Qualified Residential Mortgage: Background Data Analysis on Credit Risk Retention
Aug. 1, 2013
Joshua White and Scott Bauguess
In 2011, the Commission, OCC, FRB, FDIC, FHFA, and HUD jointly proposed the criteria for a qualified residential mortgage (QRM). The Commission received comments3 on the 2011 proposing release that questioned both the relevance of the data used in the proposing release and the underlying analysis. For example, Genworth suggested that the Agencies’ analysis is flawed because (1) it reflects only loans purchased by GSEs and thus excludes mortgage originations held in non-GSE portfolios, and (2) multivariate analysis was not conducted and some QRM proposed parameters might not significantly impact default risk once the primary factors are held constant. Commentators were also concerned that (3) private mortgage insurance (PMI) was not examined in the proposing release. For example, Mortgage Guaranty Insurance Corporation (MGIC) cited studies by Milliman, Inc. and Promontory Financial Group that show a negative association between PMI and default risk, and pointed to the emphasis of the Dodd-Frank Act on mortgage insurance “to the extent such insurance or credit enhancement reduces the risk of default.”
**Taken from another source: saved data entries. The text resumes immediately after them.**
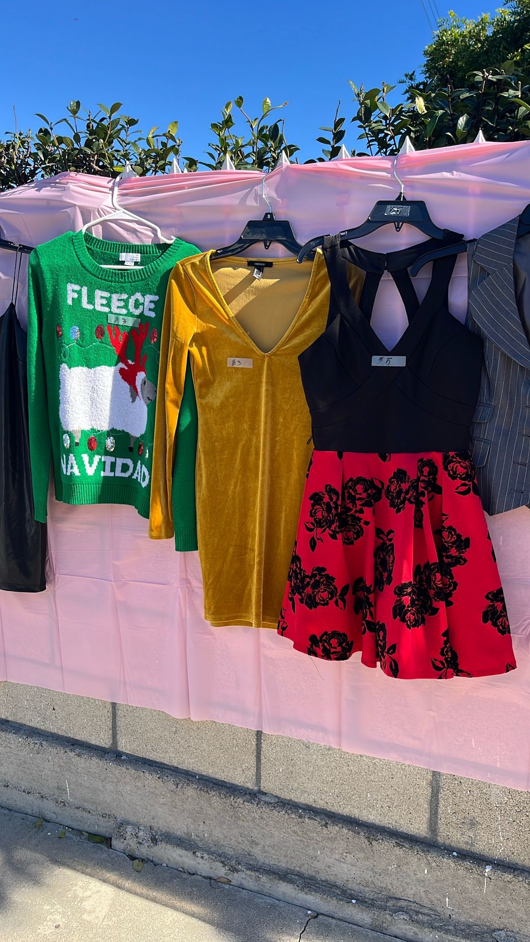 Dress for sale are good condition: yellow $3, red$5 and light green $5.
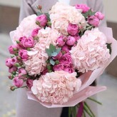 Букет из гортензии, нежных гвоздик и пионовидных кустовых роз
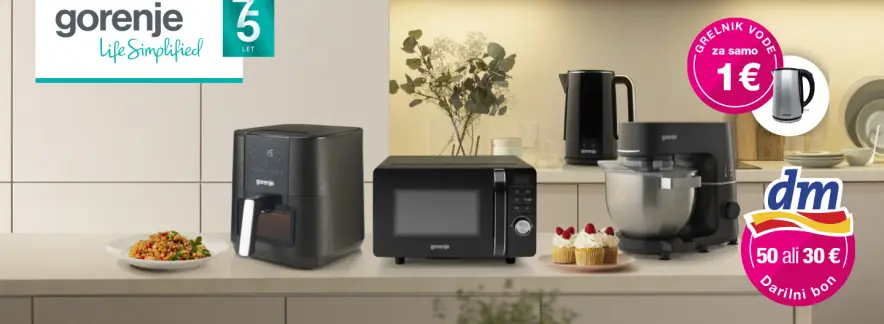 Ob nakupu izbranih malih gospodinjskih aparatov Gorenje pridobi dm darilni bon v vrednosti 30 € ali 50 € ali grelnik vode za samo 1 €. Izvedi več. Ponudba tgraja do 28. 2. 2025.
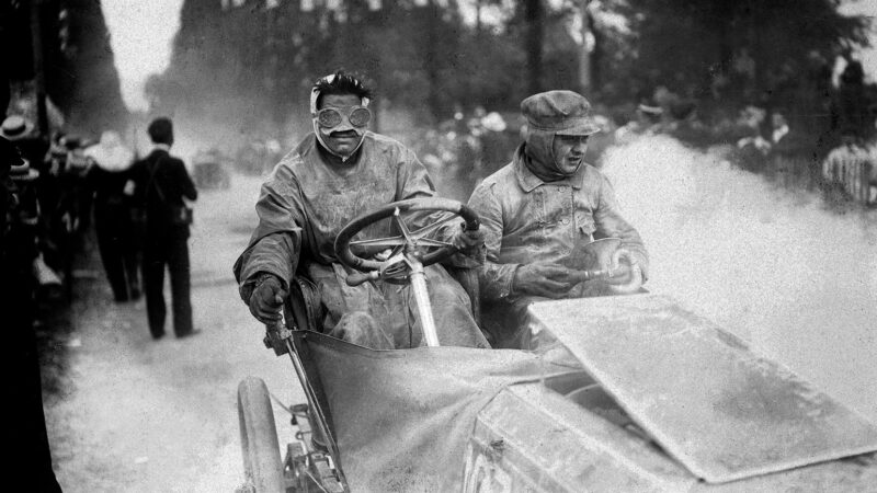 Determination, dust, grit and guts. Arthur Duray in De Dietrich No27 contests the 1905 French Eliminating Trials for the Gordon Bennett race – four laps of the 85-mile Auvergne circuit, total 341.4 miles – for a place in France’s three-car Cup team. In his 17-litre 130hp machine he finished third overall behind the Richard-Brasiers of winner Léon Théry and second-place man Gustave Caillois. Théry averaged 44.9mph for the total distance and set fastest lap at 50mph – you’d be doing well to match that on these roads today.
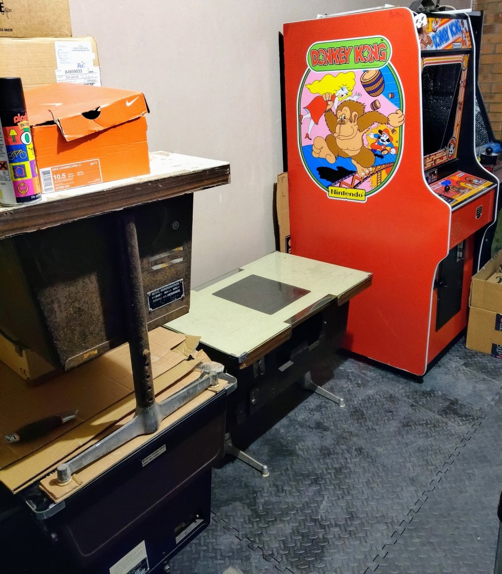 I played with all of the dials on the monitor and managed to stabilise the above image, but still no game. I did wonder at this point is if was my monitor “fix” causing the problem. As the “fix” had left me with a very long video cable, I turned the red Donkey Kong next to the cocktail and plugged the video cable into the Donkey Kong PCB and fired up both cabs:
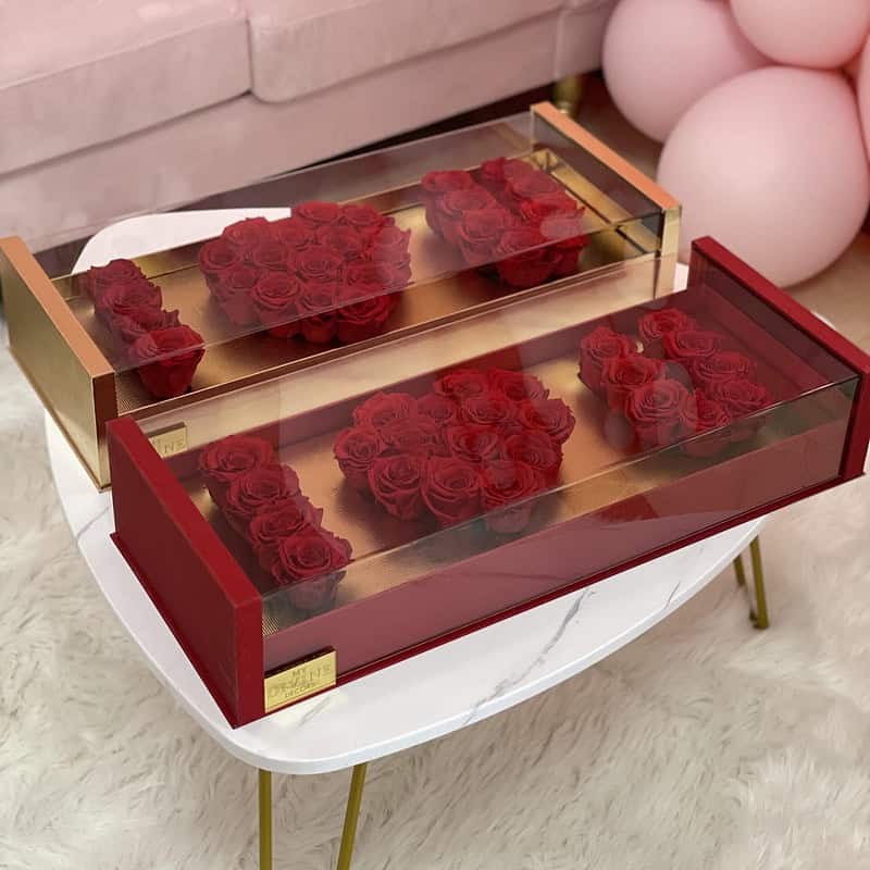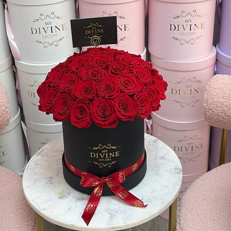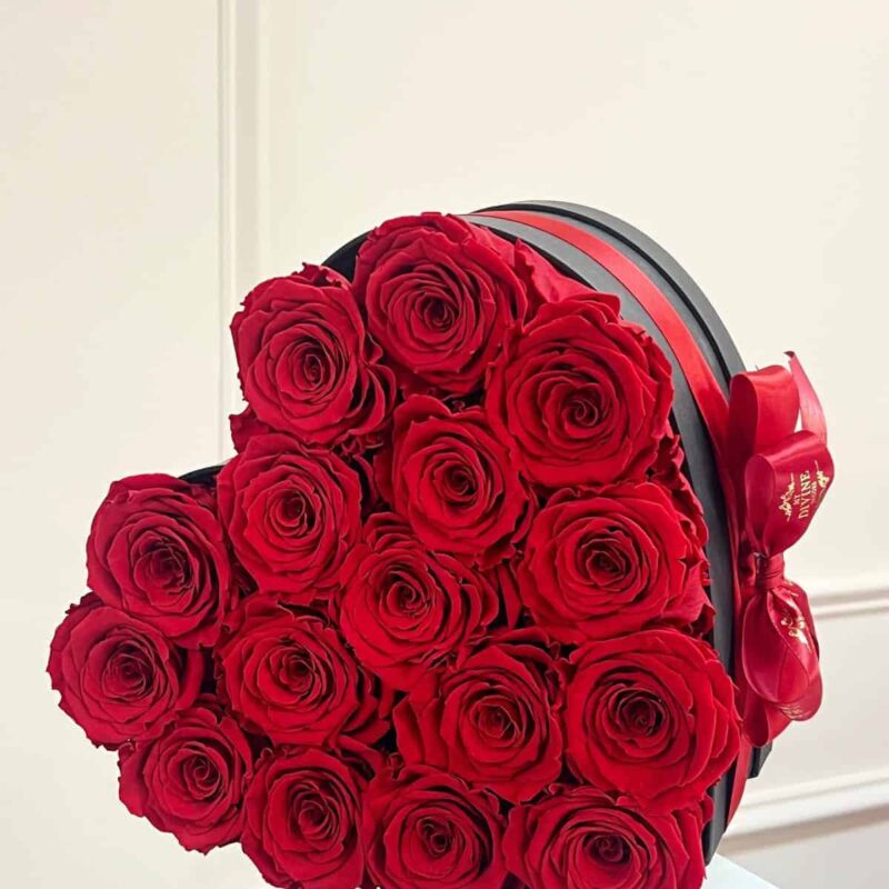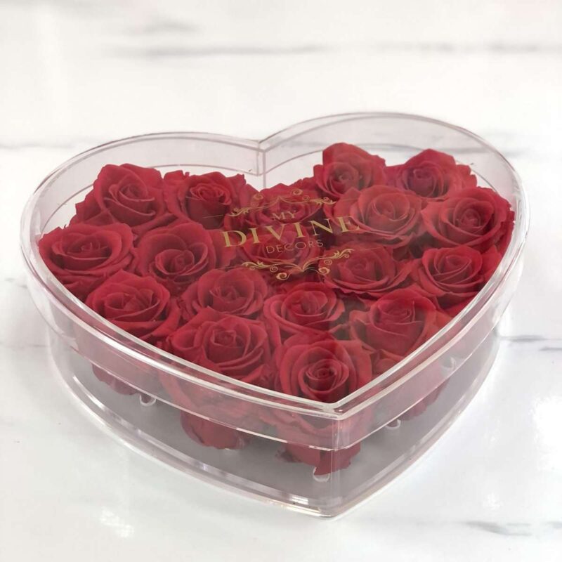 Medium box 6×6″ with 16-18 preserved roses. Please make notes of colors of preference if different.
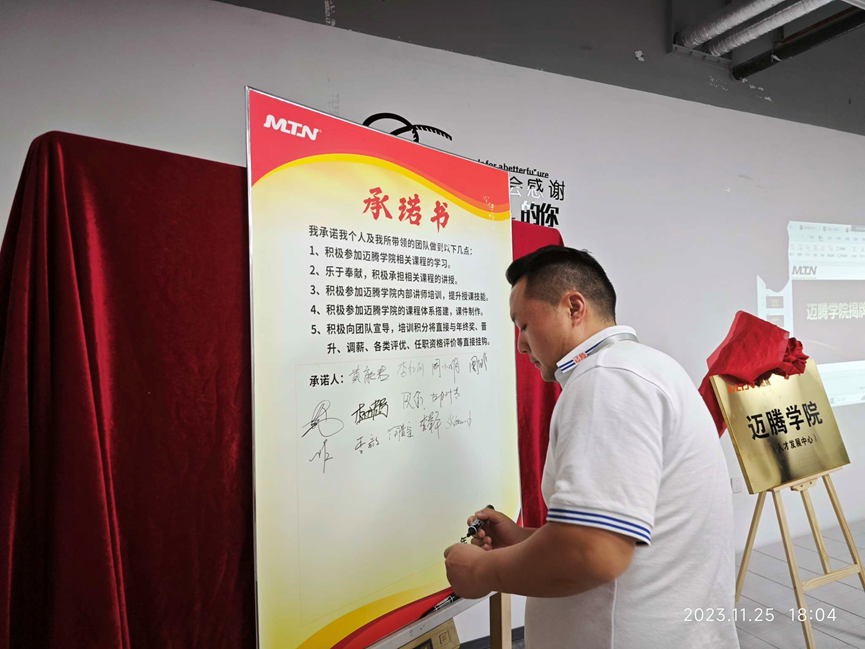 與會人員一起宣誓和簽字承諾,倡導公司上下所有同事,積極參與邁騰的授課、學習、互動等,為邁騰電子的發展全力以赴、用邁騰學院的平臺為自身職業發展賦能。
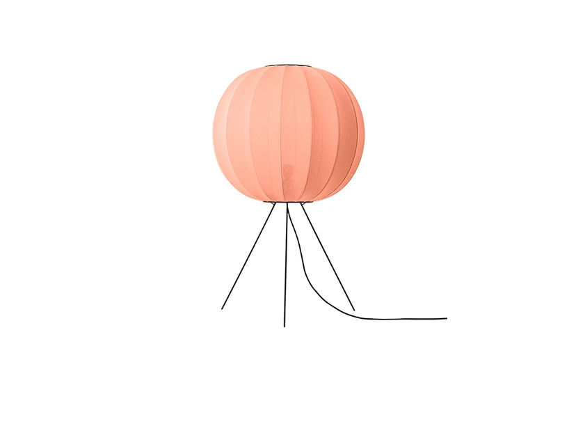 Knit-Wit 60 Round Gulvlampe Medium Coral er en karakteristisk og dekorativ gulvlampe. Inspireret af rispapirlampen er lyskilden skjult og skinner ud gennem lampens enkle, men smukke skærm. I stedet for rispapir har man anvendt den århundreder gamle håndværk strikning til fremstilling af lampen. Lyset bliver fordelt gennem mønstrene i garnet og giver et behageligt og stemningsfuldt lys 360 grader ud i rummet. Som en kontrast til den bløde skærm har lampen tre sorte og helt tynde ben. Sammen giver det lampen et skandinavisk look med et elegant og stilfuldt udtryk.
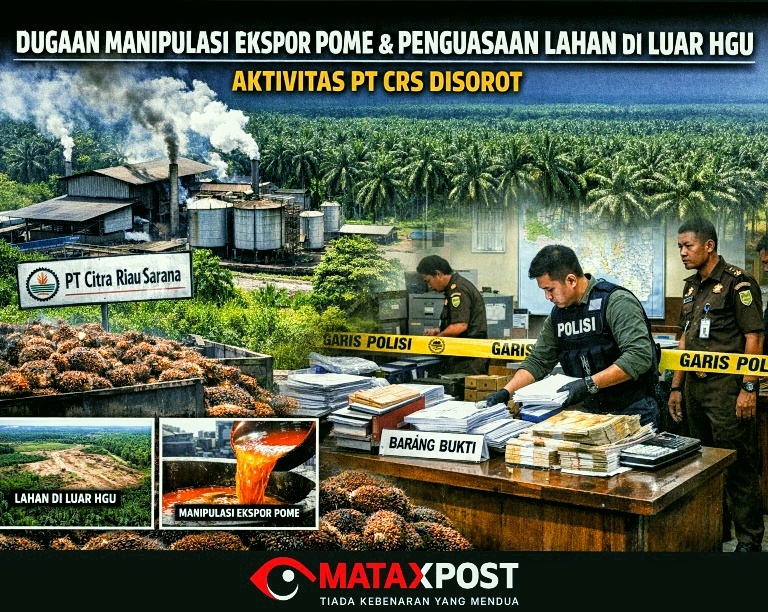 Mataxpost | Kuansing, Riau,- Sejumlah dugaan pelanggaran di sektor perkebunan kelapa sawit mencuat di Kabupaten Kuantan Singingi, Riau. Sorotan publik kini tertuju pada aktivitas PT Citra Riau Sarana (PT CRS) diduga terkait dengan dua persoalan serius: penguasaan lahan di luar Hak Guna Usaha (HGU) serta dugaan manipulasi dokumen produksi Palm Oil Mill Effluent (POME) yang berpotensi berkaitan dengan praktik manipulasi ekspor. (05/03)
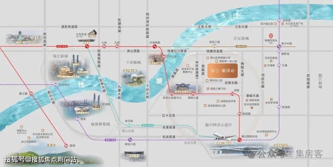 潮颂府位于大会展中心周边1公里的核心区域,牢牢占据临空经济示范区核芯,不仅远见板块崛起,其交通优势更是堪称“王炸”,将杭州繁华版图紧密缝合。
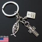 Trust God Cross Jesus Fish Christian Holy Bible Charms Keychain Gift Key Chain
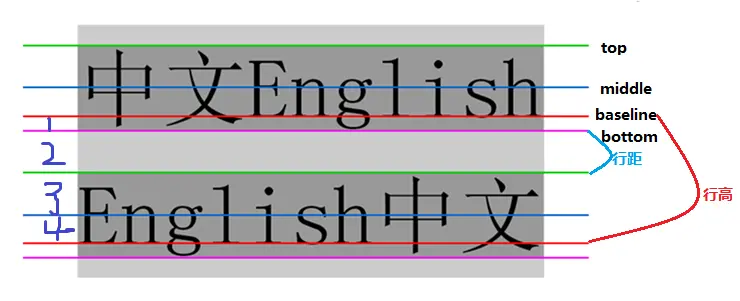 由图片可以清晰地看出,行高是baseline之前的距离,而行距是bottom-top之间的距离,行高-行距=1+3+4=字体大小。而行距是一半字体分布在下边,一半分布在字体上边,且均匀分布,所以就达到了垂直居中的效果。
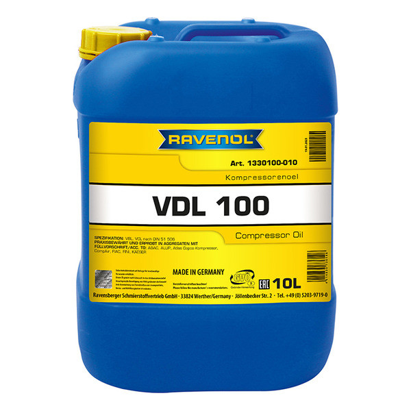 Компрессорное масло RAVENOL Kompressorenoel VDL 100 рекомендовано к применению в передвижных и стационарных поршневых и ротационных компрессорах с рабочими температурами до 220°С, включая раздельную смазку цилиндров в одноступенчатых и многоступенчатых поршневых компрессорах.

This document provides an analysis of serious delinquencies among non-GSE securitized mortgages (“private label mortgages”) to address these comments, and to further understand the potential economic effects related to the definition of the term QRM. This analysis also considers the impact of the qualified mortgage (QM) definition on serious delinquency, including the effect of setting QRM guidelines narrower than those for QM.